[Start of section]

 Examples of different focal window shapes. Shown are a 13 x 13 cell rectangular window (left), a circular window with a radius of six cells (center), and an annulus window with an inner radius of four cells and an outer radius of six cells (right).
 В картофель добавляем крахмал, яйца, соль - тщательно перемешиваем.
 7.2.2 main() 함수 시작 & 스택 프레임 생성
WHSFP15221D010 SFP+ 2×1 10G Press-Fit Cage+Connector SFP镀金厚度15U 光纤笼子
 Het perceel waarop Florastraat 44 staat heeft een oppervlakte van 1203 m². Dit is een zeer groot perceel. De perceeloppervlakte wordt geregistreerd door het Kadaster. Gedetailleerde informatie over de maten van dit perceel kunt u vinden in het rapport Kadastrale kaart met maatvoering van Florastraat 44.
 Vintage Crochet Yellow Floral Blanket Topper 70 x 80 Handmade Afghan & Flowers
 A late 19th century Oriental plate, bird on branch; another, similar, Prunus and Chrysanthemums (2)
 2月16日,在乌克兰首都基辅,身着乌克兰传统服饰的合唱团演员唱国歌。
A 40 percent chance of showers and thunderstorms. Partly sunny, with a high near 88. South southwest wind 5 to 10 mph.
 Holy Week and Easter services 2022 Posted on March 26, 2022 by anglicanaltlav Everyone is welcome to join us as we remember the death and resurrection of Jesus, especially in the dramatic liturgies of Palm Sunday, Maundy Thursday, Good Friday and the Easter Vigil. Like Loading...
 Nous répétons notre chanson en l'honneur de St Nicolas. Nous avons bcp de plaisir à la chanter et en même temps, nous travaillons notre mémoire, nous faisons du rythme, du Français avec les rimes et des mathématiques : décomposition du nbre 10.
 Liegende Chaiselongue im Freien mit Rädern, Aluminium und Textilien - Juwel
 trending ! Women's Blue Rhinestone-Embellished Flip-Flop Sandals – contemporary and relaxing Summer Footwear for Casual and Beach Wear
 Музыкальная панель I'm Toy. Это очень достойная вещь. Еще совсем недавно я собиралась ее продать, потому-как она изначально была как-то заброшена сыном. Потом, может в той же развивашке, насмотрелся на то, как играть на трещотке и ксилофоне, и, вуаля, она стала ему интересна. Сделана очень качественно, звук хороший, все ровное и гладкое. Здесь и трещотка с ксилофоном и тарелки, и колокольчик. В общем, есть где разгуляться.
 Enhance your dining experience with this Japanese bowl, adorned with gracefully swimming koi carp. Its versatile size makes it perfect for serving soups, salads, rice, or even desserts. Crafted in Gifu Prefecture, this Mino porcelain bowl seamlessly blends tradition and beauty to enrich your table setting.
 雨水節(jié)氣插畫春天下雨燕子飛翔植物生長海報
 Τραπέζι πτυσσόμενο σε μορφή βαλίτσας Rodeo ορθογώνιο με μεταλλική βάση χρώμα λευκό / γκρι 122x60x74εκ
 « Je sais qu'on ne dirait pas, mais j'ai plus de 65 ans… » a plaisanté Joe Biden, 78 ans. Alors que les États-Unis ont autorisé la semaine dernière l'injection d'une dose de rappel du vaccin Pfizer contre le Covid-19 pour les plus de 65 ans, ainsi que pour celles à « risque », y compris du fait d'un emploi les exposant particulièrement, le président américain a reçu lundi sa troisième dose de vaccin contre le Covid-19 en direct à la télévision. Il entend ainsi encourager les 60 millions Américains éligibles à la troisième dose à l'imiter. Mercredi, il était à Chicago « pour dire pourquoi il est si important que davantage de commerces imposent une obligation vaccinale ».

[End of section]

Give back precisely the lines above that start at the line containing "Vintage Crochet Yellow" and end at the line containing "雨水節(jié)氣插畫春天下雨燕子飛翔植物生長海報", inclusive. No other lines belong in the output.

TASK SOLUTION =
 Vintage Crochet Yellow Floral Blanket Topper 70 x 80 Handmade Afghan & Flowers
 A late 19th century Oriental plate, bird on branch; another, similar, Prunus and Chrysanthemums (2)
 2月16日,在乌克兰首都基辅,身着乌克兰传统服饰的合唱团演员唱国歌。
A 40 percent chance of showers and thunderstorms. Partly sunny, with a high near 88. South southwest wind 5 to 10 mph.
 Holy Week and Easter services 2022 Posted on March 26, 2022 by anglicanaltlav Everyone is welcome to join us as we remember the death and resurrection of Jesus, especially in the dramatic liturgies of Palm Sunday, Maundy Thursday, Good Friday and the Easter Vigil. Like Loading...
 Nous répétons notre chanson en l'honneur de St Nicolas. Nous avons bcp de plaisir à la chanter et en même temps, nous travaillons notre mémoire, nous faisons du rythme, du Français avec les rimes et des mathématiques : décomposition du nbre 10.
 Liegende Chaiselongue im Freien mit Rädern, Aluminium und Textilien - Juwel
 trending ! Women's Blue Rhinestone-Embellished Flip-Flop Sandals – contemporary and relaxing Summer Footwear for Casual and Beach Wear
 Музыкальная панель I'm Toy. Это очень достойная вещь. Еще совсем недавно я собиралась ее продать, потому-как она изначально была как-то заброшена сыном. Потом, может в той же развивашке, насмотрелся на то, как играть на трещотке и ксилофоне, и, вуаля, она стала ему интересна. Сделана очень качественно, звук хороший, все ровное и гладкое. Здесь и трещотка с ксилофоном и тарелки, и колокольчик. В общем, есть где разгуляться.
 Enhance your dining experience with this Japanese bowl, adorned with gracefully swimming koi carp. Its versatile size makes it perfect for serving soups, salads, rice, or even desserts. Crafted in Gifu Prefecture, this Mino porcelain bowl seamlessly blends tradition and beauty to enrich your table setting.
 雨水節(jié)氣插畫春天下雨燕子飛翔植物生長海報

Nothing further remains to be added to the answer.